_TASK DESCRIPTION_. Look below for the line with "Rozměry: 284 x"; begin the copy there and stop after the line with "afirma el experto.", keeping the text exact and the pictures out.

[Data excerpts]
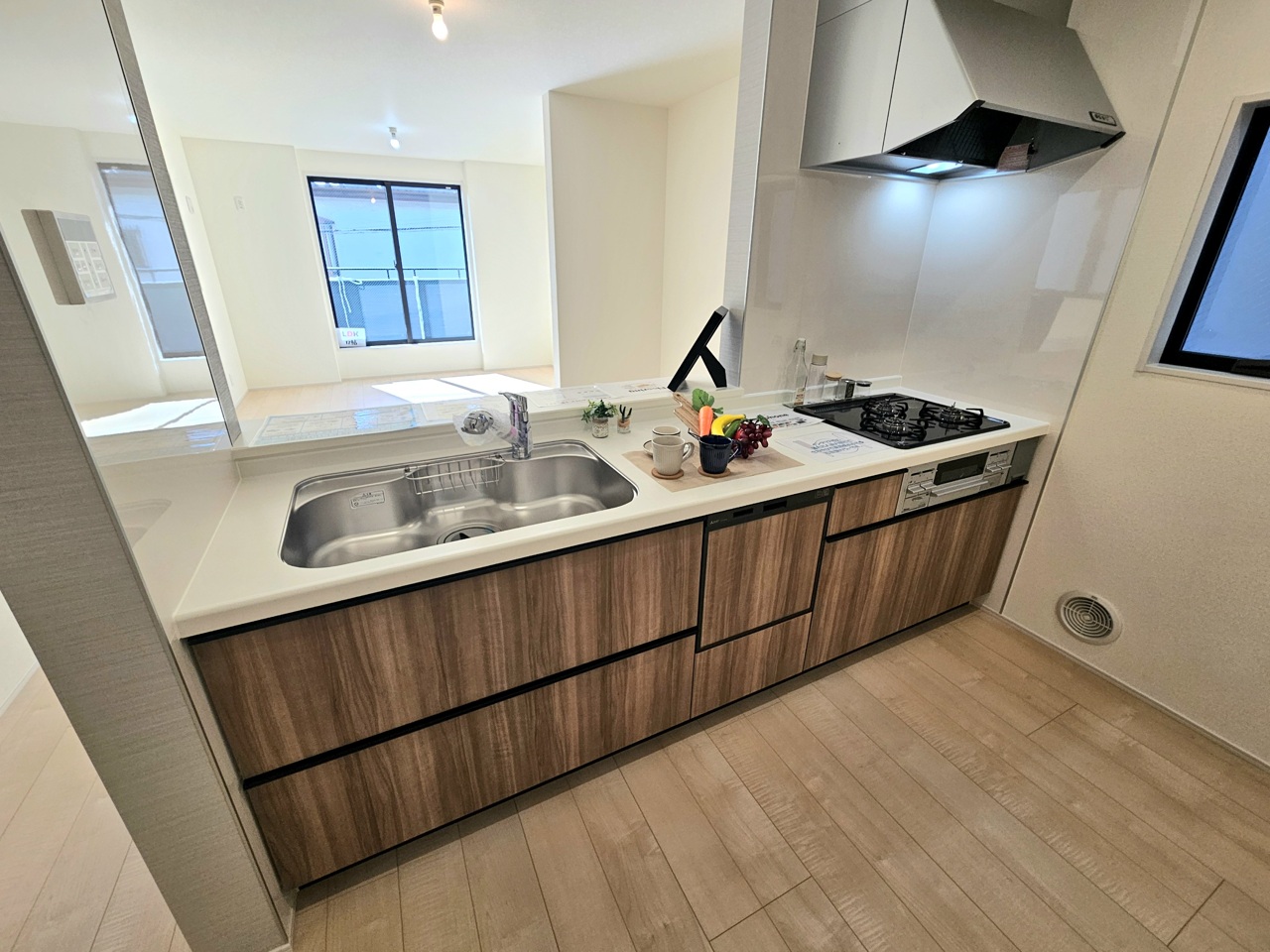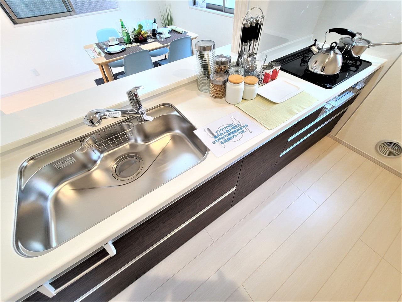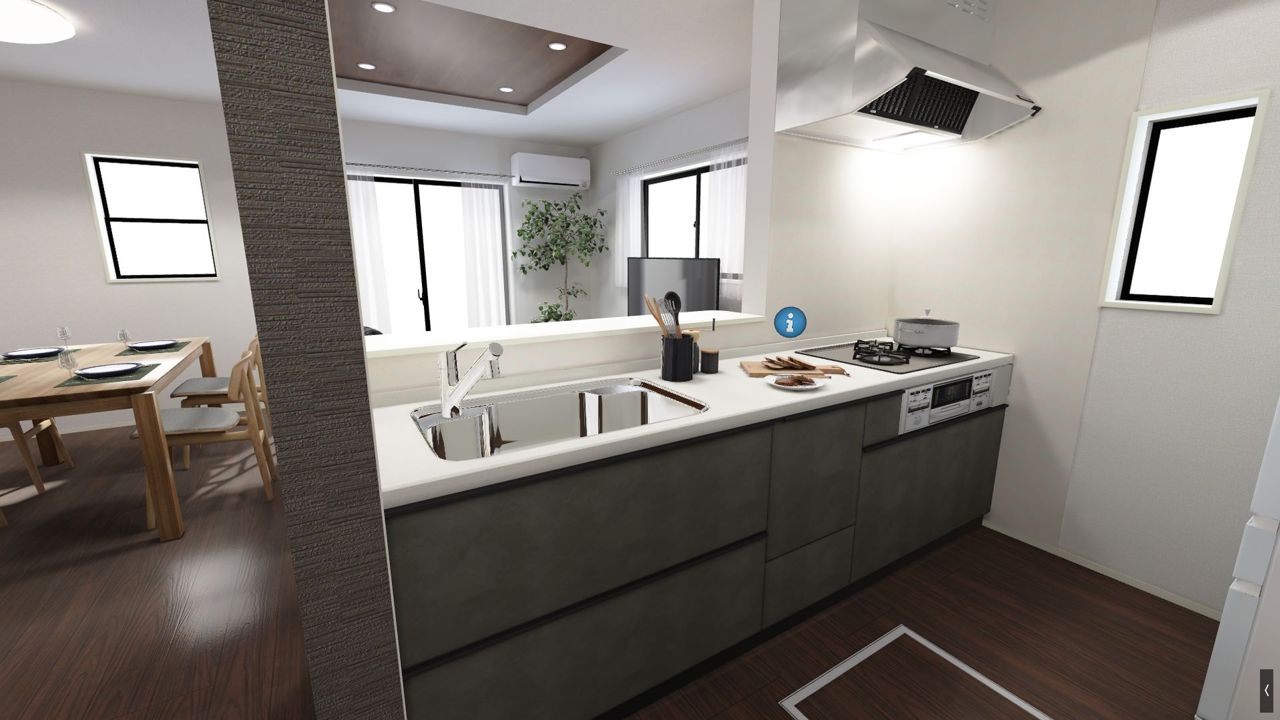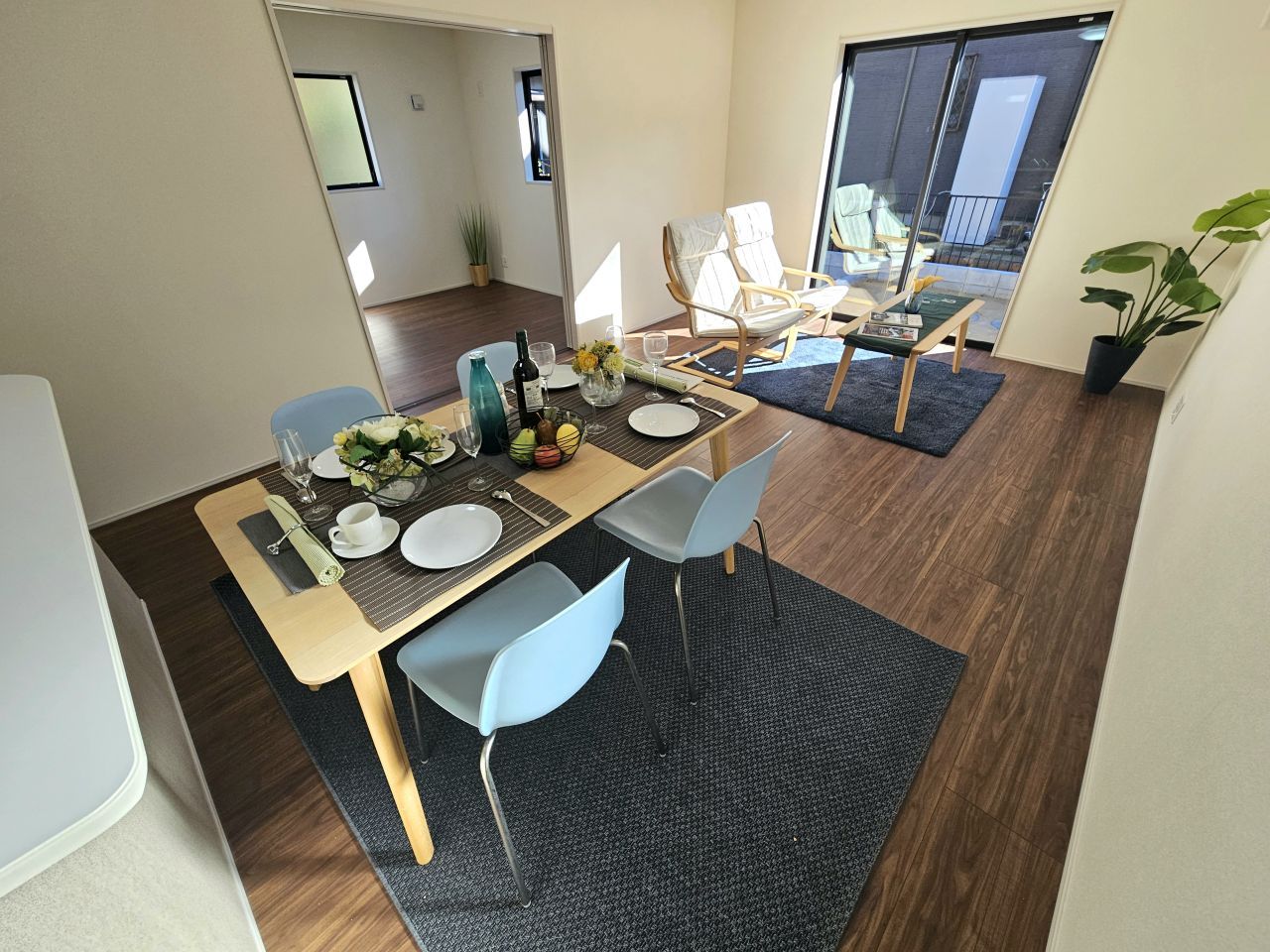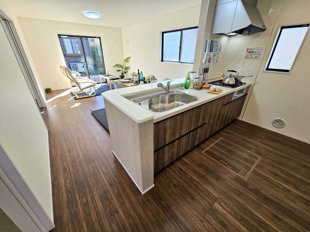 - 建物は安心の長期優良住宅、土地は広々35坪でカースペースは並列2台駐車可能です。8m道路に面した立地は開放感満点です。同仕様の完成物件をご覧いただいて内装や設備はイメージしていただけると思います。
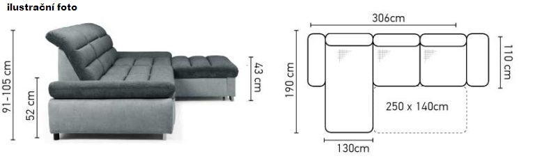 Rozměry: 284 x 215 cm, v. 91 - 105 cm, výška sedu 43 cm, volitelná hloubka sedu 50 - 73 cm
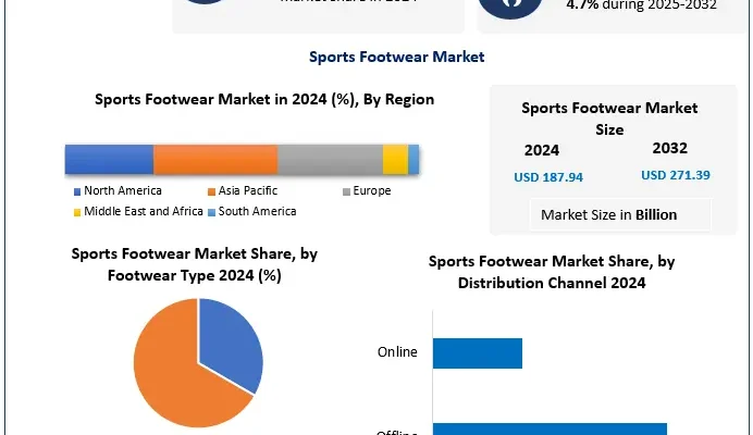 The global Sports Footwear Market is witnessing steady and sustained growth, reflecting the increasing integration of fitness, fashion, and functionality in consumer lifestyles. Valued at USD 187.94 billion in 2024, the market is projected to grow at a CAGR of 4.7% from 2025 to 2032, reaching nearly USD 271.39 billion by 2032. The expansion is fueled by rising sports participation, technological advancements, and the growing popularity of athleisure across global markets.
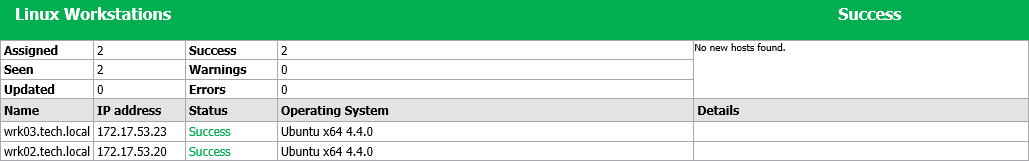 - Detailed statistics for every protected computer processed within the session: DNS name, IP address and operating system of the protected computer, list of warnings and errors (if any).
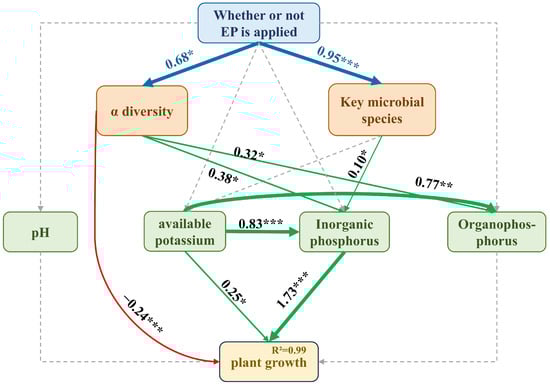 Structural equation analysis of the effect of adding EPB on the growth and development of tobacco plants (“*”: Indicates p ≤ 0.05; “**”: Indicates p ≤ 0.01; “***”: Indicates p ≤ 0.001).
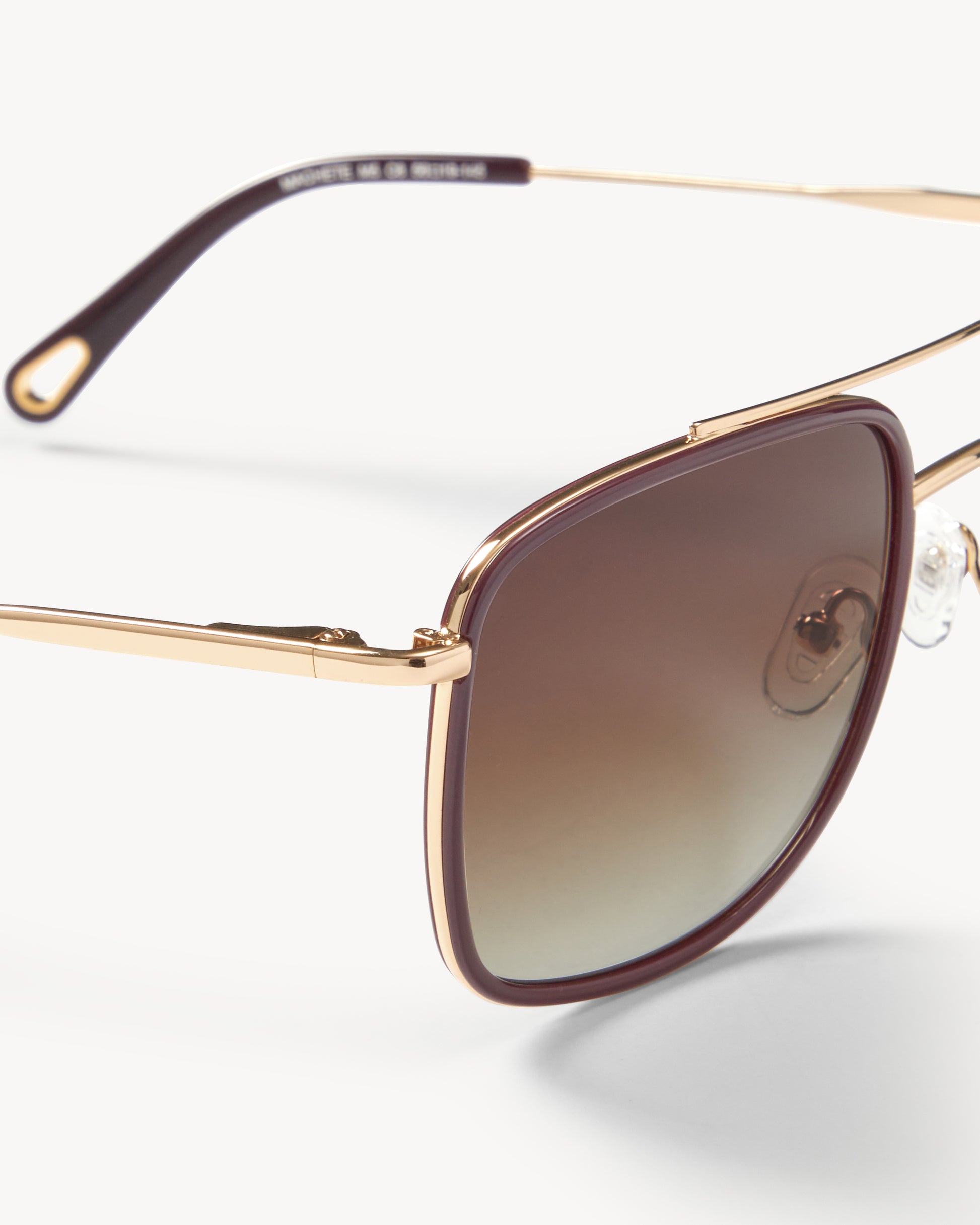• Aviator sunglasses handcrafted from recyclable Italian acetate and gold metal details
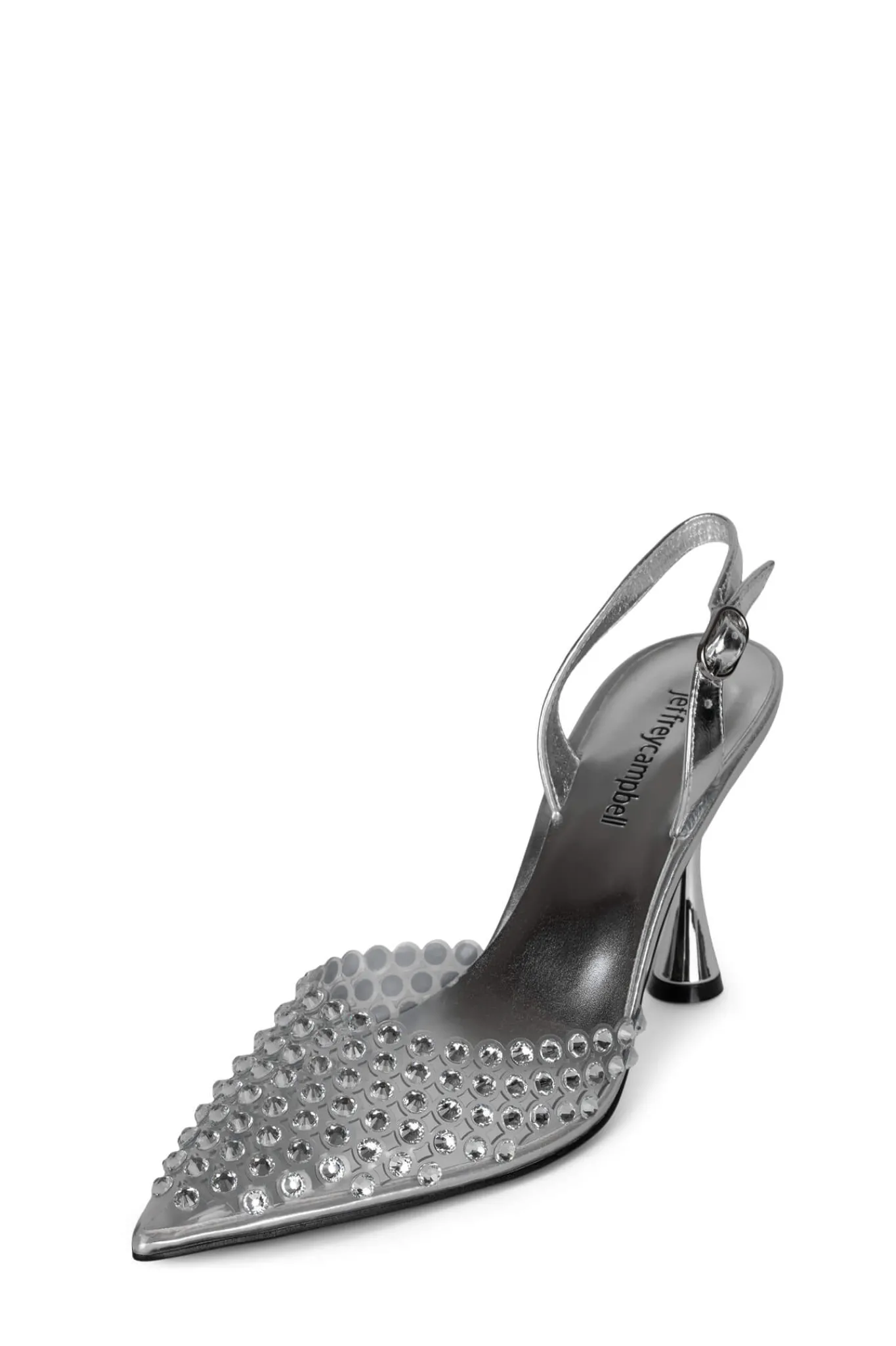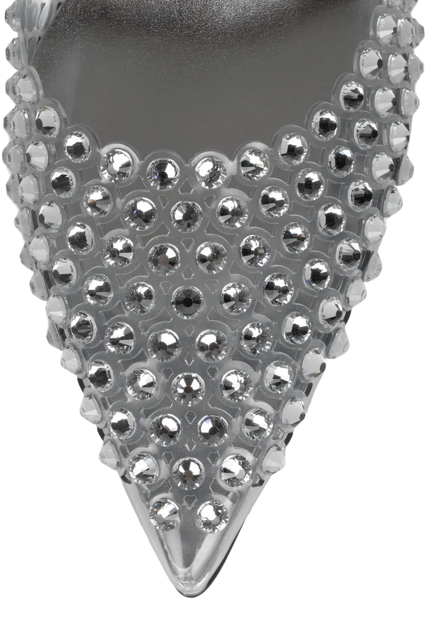 Embellished pointed-toe slingback mule with trumpet heelFits half a size small. Order next half size up. Measurements t…
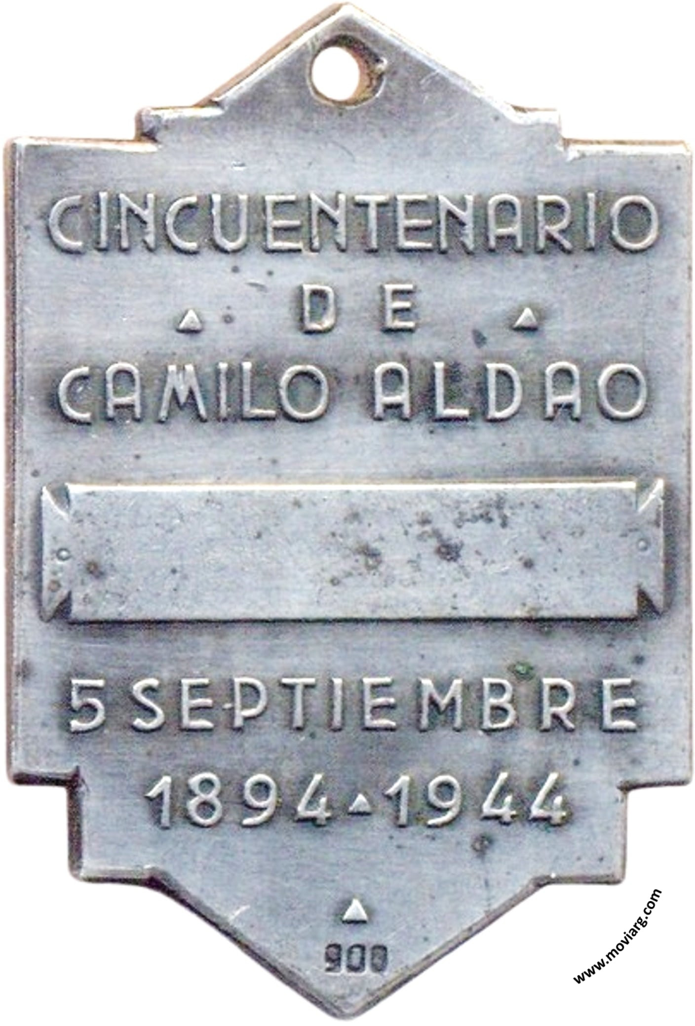 Anverso: Firma: O. GALLO Reverso: CINCUENTENARIO / DE / CAMILO ALDAO / 5 SEPTIEMBRE / 1894 · 1944. Exergo: [ 900 ] Referencia: | |
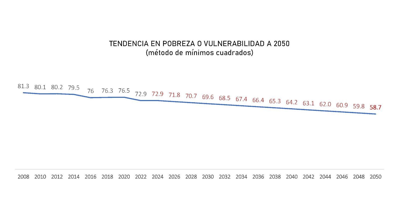 “Hoy la población en situación de pobreza, pobreza extrema, y pobreza con alguna vulnerabilidad es de 36.3, 36.6 y 36.6 millones, respectivamente, es más o menos una suerte de tercios imperfectos”, afirma el experto.
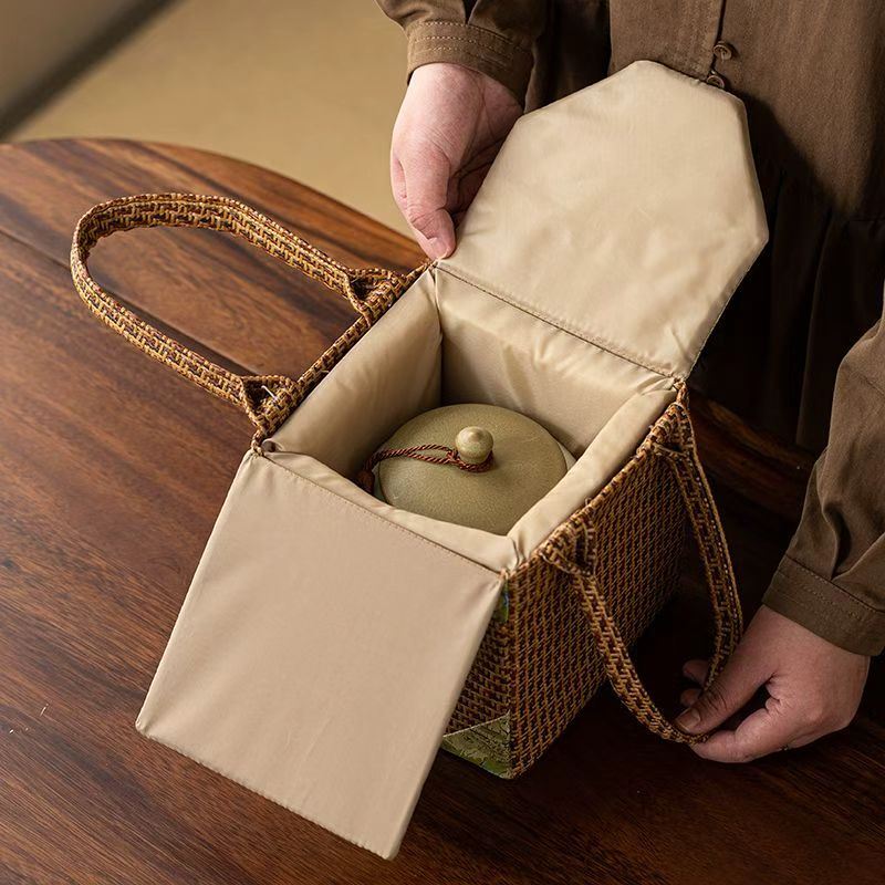 這款中式雅緻藤編手提禮盒,以自然質感的藤編為籃身基底,搭配花紋布藝飾片與流蘇掛飾,復古格調盡顯;配套繪有山水紋樣的瓷罐(蓋鈕扣綴流蘇),密封性能適配收納茶葉、茶點等好物,手提籃不管是中式伴手禮的心意饋贈、茶事場合的茶品包裝,還是居家收納茶類乾貨,它都能憑中式美學質感與實用屬性,兼顧儀式感與日常需求。
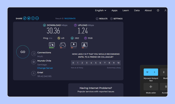 Realicé el test de velocidad desde mi oficina, ubicada en la comuna de Ñuñoa. La prueba fue realizada a través del Speedtest de Ookla, en su formato app.
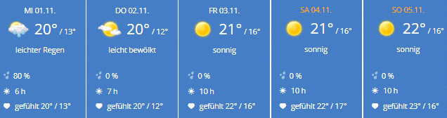 von wetter.com ist erfreulich: weitgehend sonnig bei moderaten 21
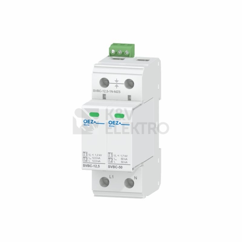 Kombinovaný svodič bleskových proudů a přepětí, typ 1+2, Iimp 12,5 kA, Uc AC 335 V, zapojení 1+1, výměnné moduly, se signalizací, varistor, jiskřiště

_TASK OUTPUT_.
 Rozměry: 284 x 215 cm, v. 91 - 105 cm, výška sedu 43 cm, volitelná hloubka sedu 50 - 73 cm
 The global Sports Footwear Market is witnessing steady and sustained growth, reflecting the increasing integration of fitness, fashion, and functionality in consumer lifestyles. Valued at USD 187.94 billion in 2024, the market is projected to grow at a CAGR of 4.7% from 2025 to 2032, reaching nearly USD 271.39 billion by 2032. The expansion is fueled by rising sports participation, technological advancements, and the growing popularity of athleisure across global markets.
 - Detailed statistics for every protected computer processed within the session: DNS name, IP address and operating system of the protected computer, list of warnings and errors (if any).
 Structural equation analysis of the effect of adding EPB on the growth and development of tobacco plants (“*”: Indicates p ≤ 0.05; “**”: Indicates p ≤ 0.01; “***”: Indicates p ≤ 0.001).
• Aviator sunglasses handcrafted from recyclable Italian acetate and gold metal details
 Embellished pointed-toe slingback mule with trumpet heelFits half a size small. Order next half size up. Measurements t…
 Anverso: Firma: O. GALLO Reverso: CINCUENTENARIO / DE / CAMILO ALDAO / 5 SEPTIEMBRE / 1894 · 1944. Exergo: [ 900 ] Referencia: | |
 “Hoy la población en situación de pobreza, pobreza extrema, y pobreza con alguna vulnerabilidad es de 36.3, 36.6 y 36.6 millones, respectivamente, es más o menos una suerte de tercios imperfectos”, afirma el experto.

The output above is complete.